- [EXERCISE INSTRUCTIONS] Repeat the data exactly, leaving out any image.

(Items from a data source)
==============================

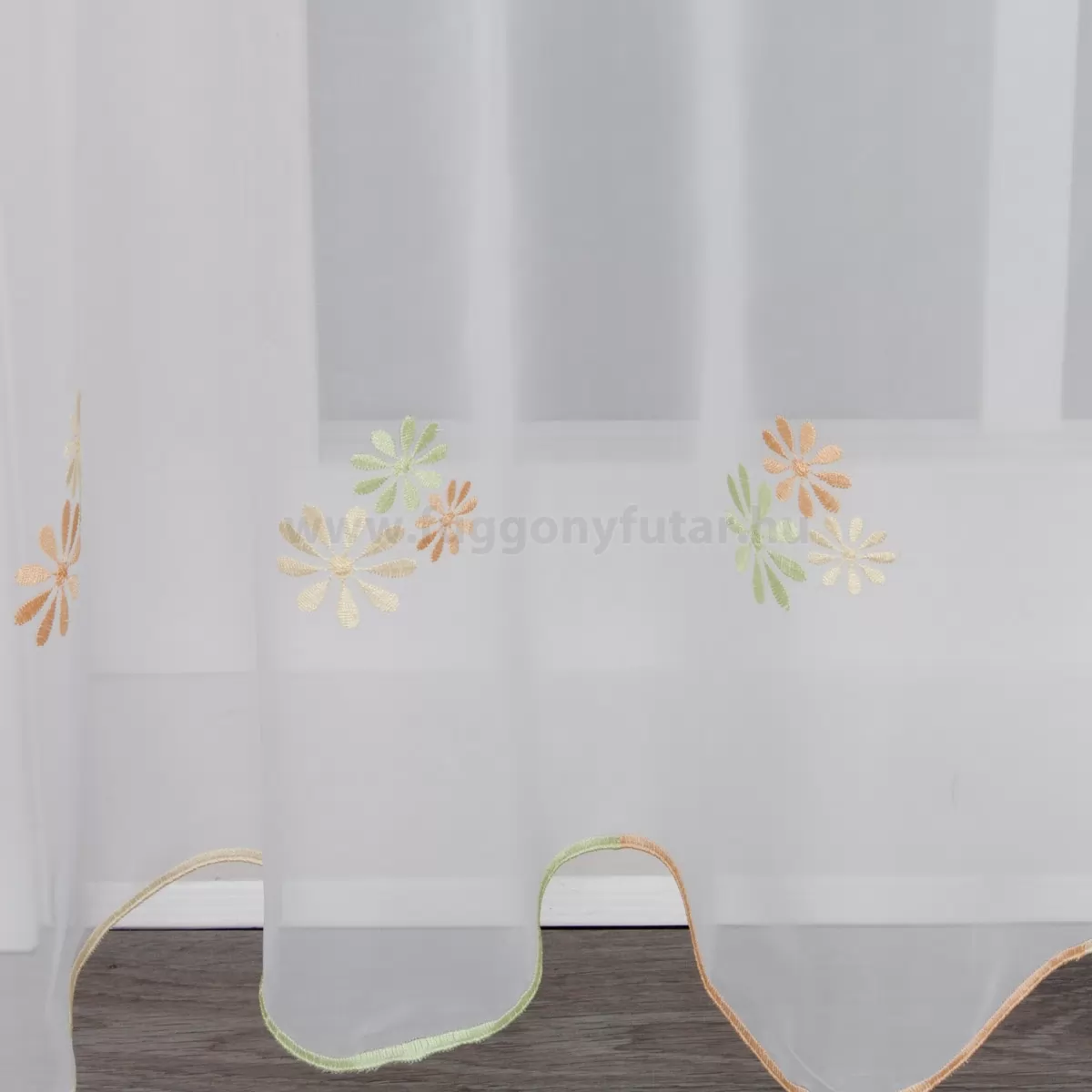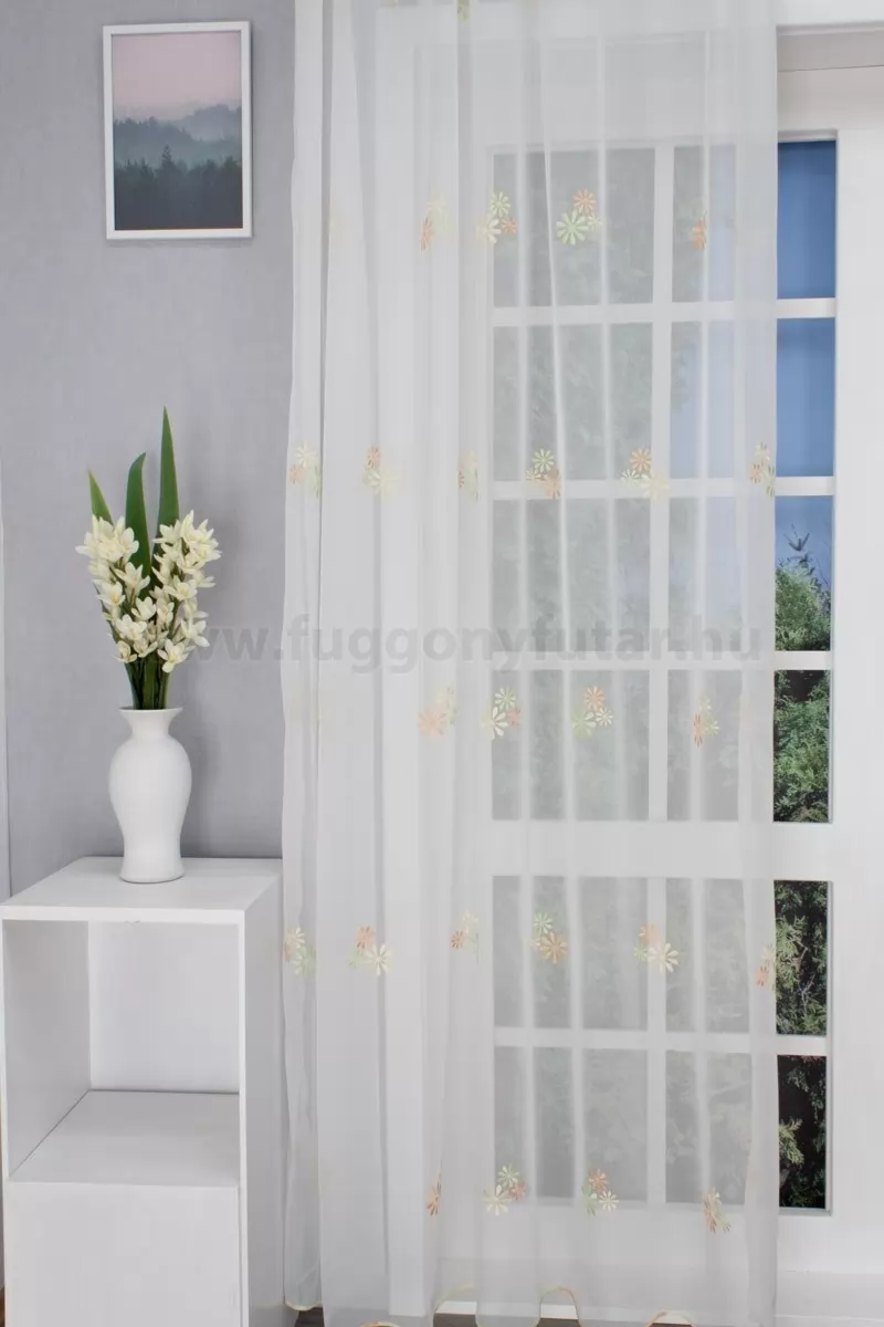 Kedves, vidám, mégsem tolakodó hatású ez a voile függöny. Nappaliba, hálószobába ajánljuk, visszafogott díszítése sokféle stílusú berendezéshez illeszthető. Fehér alapon fehér, sárga, zöld színű hímzett kis virágok díszítik rendezett sorokban. Teremtsünk romantikus hangulatot szobánkba ezzel a kellemes, virágmintás anyaggal! A virágminták vagy növényi minták mindig is népszerűek voltak a textiltervezők és lakberendezők körében, hiszen barátságossá és természetközelivé teszik otthonunkat. Egyszínű, színben harmonizáló textilekkel kombinálva romantikus stílust és kiegyensúlyozott megjelenést kölcsönözhetünk helyiségünknek. A fehér szín légies és világos, fényt hoz a szobába A fehér a világosság és a tisztaság színe, egész nap érezhetjük a friss tavaszi szellő simogatását, ha egy szép fehér függöny díszíti az ablakunkat. A fehér színű fényáteresztő függönyöket bármilyen színű sötétítő függönnyel kombinálhatjuk, de a szoba falának színét mindig vegyük figyelembe.Az otthon melegsége és kényelme Az ősz típusú textíliák a bekuckózós, meleg, hívogató hangulat megteremtésének mesterei. Színviláguk gazdag és földközeli: a rozsdabarna, a mustársárga, a terrakotta, a mélyzöld és a bézs árnyalatai jellemzik. Tökéletes választás a barátságos, gondoskodó személyiségeknek. Anyaga diszkréten simul bele a térbe, miközben kiemeli a helyiség hangulatát. Ideális választás, ha olyan textilt keresünk, amely rugalmasan alkalmazkodik a meglévő bútorokhoz és kiegészítőkhöz.Anyaga: voile Vékony, könnyed, fátyolszerű anyag . Az organzához képest vastagabb szálakból szövik, így kevésbé átlátszó, nehezebben gyűrődik, bár vasalást azért igényel (gőzölős vasalóval viszonylag könnyen, sérülésmentesen vasalható). 1.5x v. 2x-es ráncolással ajánljuk.Terasz ajtókhoz, nagyobb ablakok függönyözéséhez jól használható A karnistól a felső szegéshez szükséges anyagot beleszámítva legfeljebb 288 cm hosszú függönyt lehet belőle varrni, ez alatt bármilyen méretben elkészítjük. Méreténél fogva alkalmas lehet terasz- és erkélyajtók, nagy belmagasságú helyiségek valamint normál ablakok függönyözésére is. A függöny alsó szegélye hullámos, ólomzsinór nem található benne.
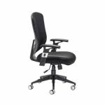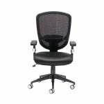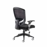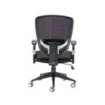 - These chairs fuse the comfort of cushioned pads with the support quality of a mesh back. Each chair has a high back, with adjustable back tilt for flexibility. The arms can be raised or lowered and the chair also features a five wheel base for mobility. This pack contains 1 black chair with a recommended usage time of 8 hours.
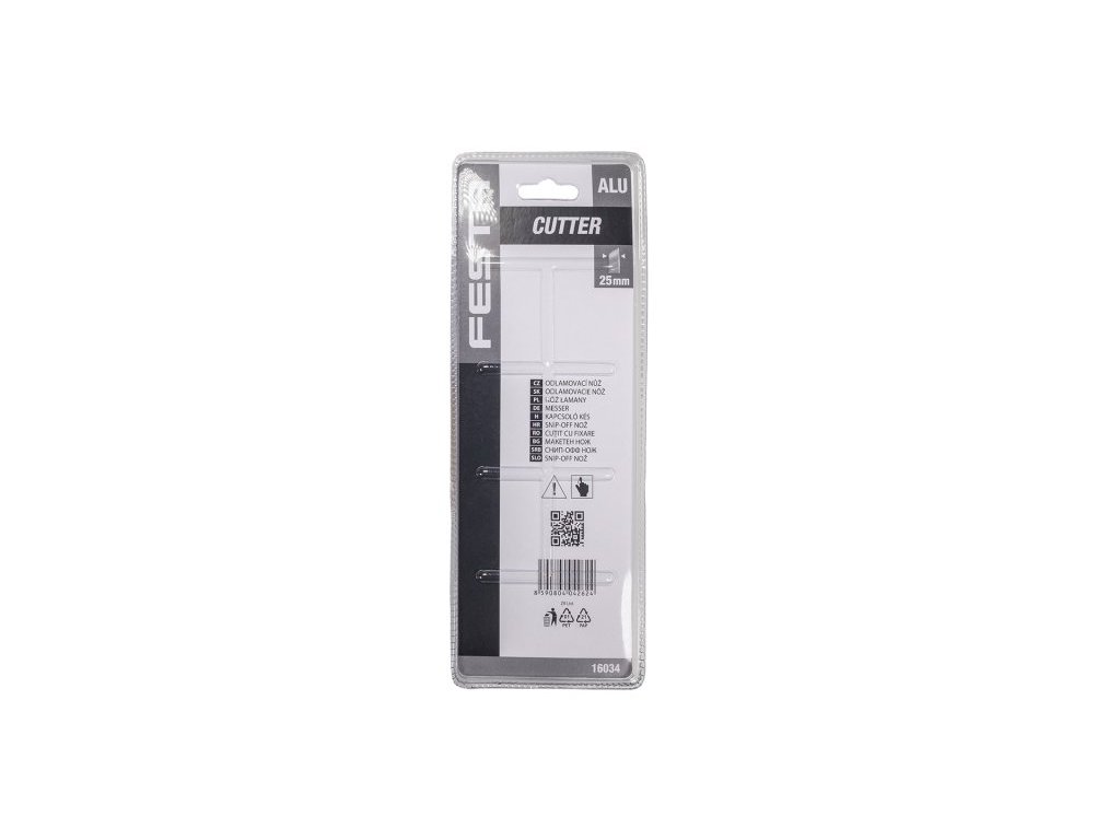 Profesionální odlamovací nůž, přesné zpracování - kvalitní materiály a ergonomie, odolný a přesný posuv s automatickou aretací, pojistná šroubková aretace, šířka čepele 25mm, baleno na blistru.
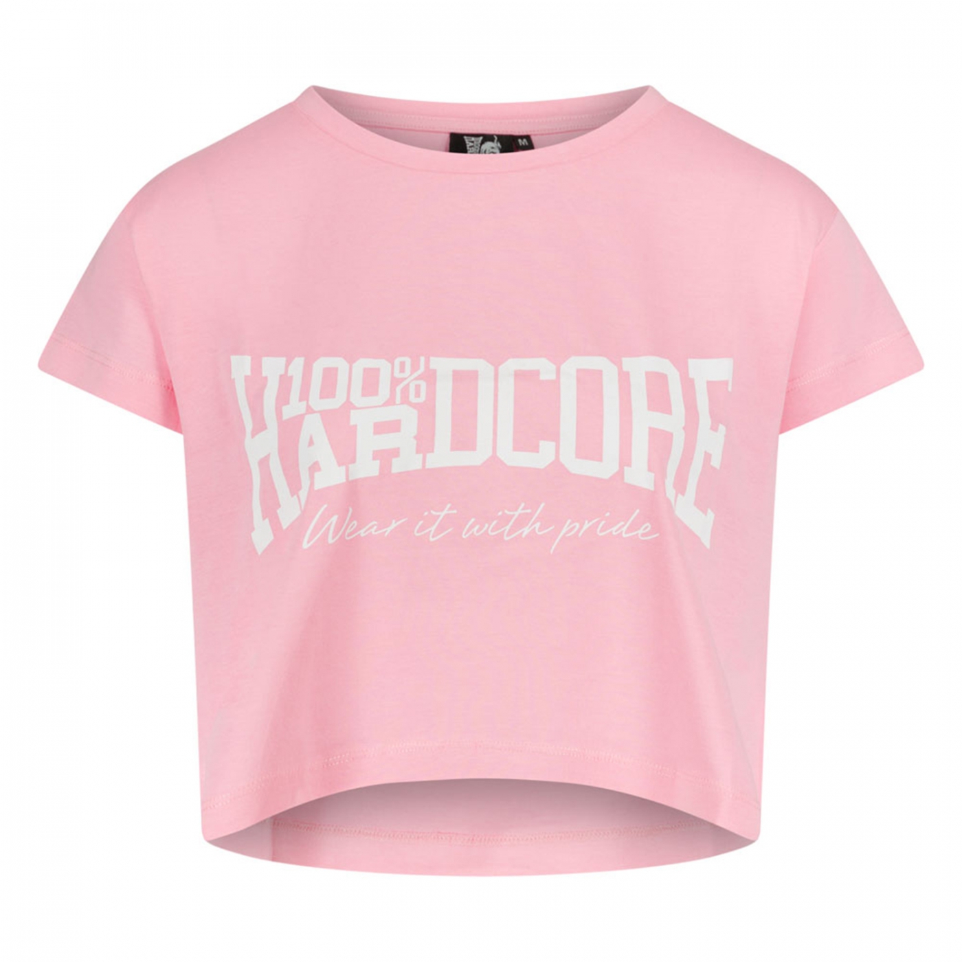 Beautiful crop top for the girls. With a large print of the 100% Hardcore brand logo on the front. On the back of the neck is the same logo, but small.
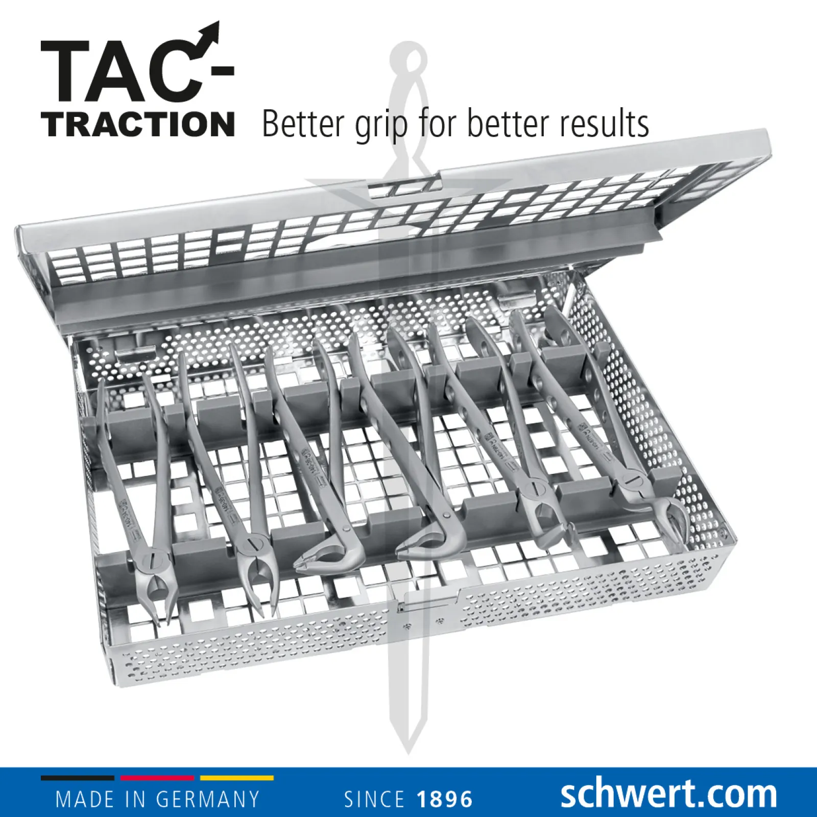 SCHWERT TAC-Traction extraction forceps allow a balanced luxation, combined with an amazing tactile feeling, due to approx. 25% weight saving. Smooth going and ergonomic handles, allow left- and right-handed people an individual positioning. Beside that they offer a steady power transmission on the tooth.
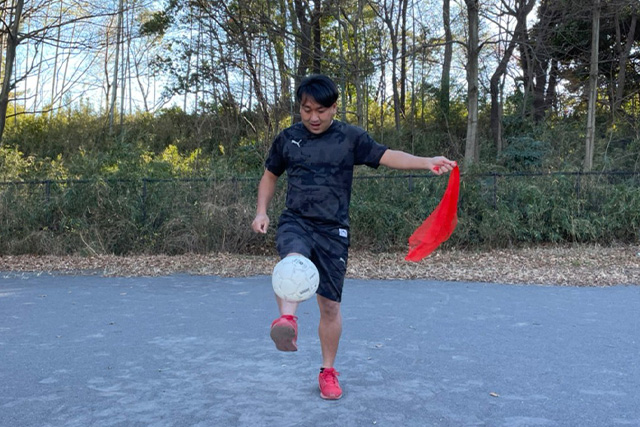 ワンバウンドリフティングを行いながらタオルを振ってみましょう。リフティングが得意な選手はノーバウンドにも挑戦してみてください!
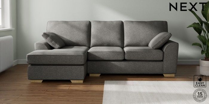 7.2.10 Buy Stamford Medium Sofa Chaise - Left Hand Tweedy Blend Easy Clean Dark Grey Large Square Angle - Light from the Seasons online shop Click here to use our website with more accessibility support, for example screen readers
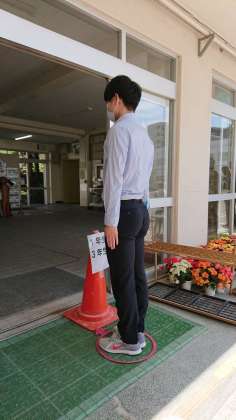 昇降口のところまで近づくと、1つ目のケンステップのところで、手の消毒をするようになっています。そして、2つ目のケンステップのところで、担任の先生と会います。(写真3枚目)

==============================

- [EXERCISE RESULT]
 Kedves, vidám, mégsem tolakodó hatású ez a voile függöny. Nappaliba, hálószobába ajánljuk, visszafogott díszítése sokféle stílusú berendezéshez illeszthető. Fehér alapon fehér, sárga, zöld színű hímzett kis virágok díszítik rendezett sorokban. Teremtsünk romantikus hangulatot szobánkba ezzel a kellemes, virágmintás anyaggal! A virágminták vagy növényi minták mindig is népszerűek voltak a textiltervezők és lakberendezők körében, hiszen barátságossá és természetközelivé teszik otthonunkat. Egyszínű, színben harmonizáló textilekkel kombinálva romantikus stílust és kiegyensúlyozott megjelenést kölcsönözhetünk helyiségünknek. A fehér szín légies és világos, fényt hoz a szobába A fehér a világosság és a tisztaság színe, egész nap érezhetjük a friss tavaszi szellő simogatását, ha egy szép fehér függöny díszíti az ablakunkat. A fehér színű fényáteresztő függönyöket bármilyen színű sötétítő függönnyel kombinálhatjuk, de a szoba falának színét mindig vegyük figyelembe.Az otthon melegsége és kényelme Az ősz típusú textíliák a bekuckózós, meleg, hívogató hangulat megteremtésének mesterei. Színviláguk gazdag és földközeli: a rozsdabarna, a mustársárga, a terrakotta, a mélyzöld és a bézs árnyalatai jellemzik. Tökéletes választás a barátságos, gondoskodó személyiségeknek. Anyaga diszkréten simul bele a térbe, miközben kiemeli a helyiség hangulatát. Ideális választás, ha olyan textilt keresünk, amely rugalmasan alkalmazkodik a meglévő bútorokhoz és kiegészítőkhöz.Anyaga: voile Vékony, könnyed, fátyolszerű anyag . Az organzához képest vastagabb szálakból szövik, így kevésbé átlátszó, nehezebben gyűrődik, bár vasalást azért igényel (gőzölős vasalóval viszonylag könnyen, sérülésmentesen vasalható). 1.5x v. 2x-es ráncolással ajánljuk.Terasz ajtókhoz, nagyobb ablakok függönyözéséhez jól használható A karnistól a felső szegéshez szükséges anyagot beleszámítva legfeljebb 288 cm hosszú függönyt lehet belőle varrni, ez alatt bármilyen méretben elkészítjük. Méreténél fogva alkalmas lehet terasz- és erkélyajtók, nagy belmagasságú helyiségek valamint normál ablakok függönyözésére is. A függöny alsó szegélye hullámos, ólomzsinór nem található benne.
 - These chairs fuse the comfort of cushioned pads with the support quality of a mesh back. Each chair has a high back, with adjustable back tilt for flexibility. The arms can be raised or lowered and the chair also features a five wheel base for mobility. This pack contains 1 black chair with a recommended usage time of 8 hours.
 Profesionální odlamovací nůž, přesné zpracování - kvalitní materiály a ergonomie, odolný a přesný posuv s automatickou aretací, pojistná šroubková aretace, šířka čepele 25mm, baleno na blistru.
 Beautiful crop top for the girls. With a large print of the 100% Hardcore brand logo on the front. On the back of the neck is the same logo, but small.
 SCHWERT TAC-Traction extraction forceps allow a balanced luxation, combined with an amazing tactile feeling, due to approx. 25% weight saving. Smooth going and ergonomic handles, allow left- and right-handed people an individual positioning. Beside that they offer a steady power transmission on the tooth.
 ワンバウンドリフティングを行いながらタオルを振ってみましょう。リフティングが得意な選手はノーバウンドにも挑戦してみてください!
 7.2.10 Buy Stamford Medium Sofa Chaise - Left Hand Tweedy Blend Easy Clean Dark Grey Large Square Angle - Light from the Seasons online shop Click here to use our website with more accessibility support, for example screen readers
 昇降口のところまで近づくと、1つ目のケンステップのところで、手の消毒をするようになっています。そして、2つ目のケンステップのところで、担任の先生と会います。(写真3枚目)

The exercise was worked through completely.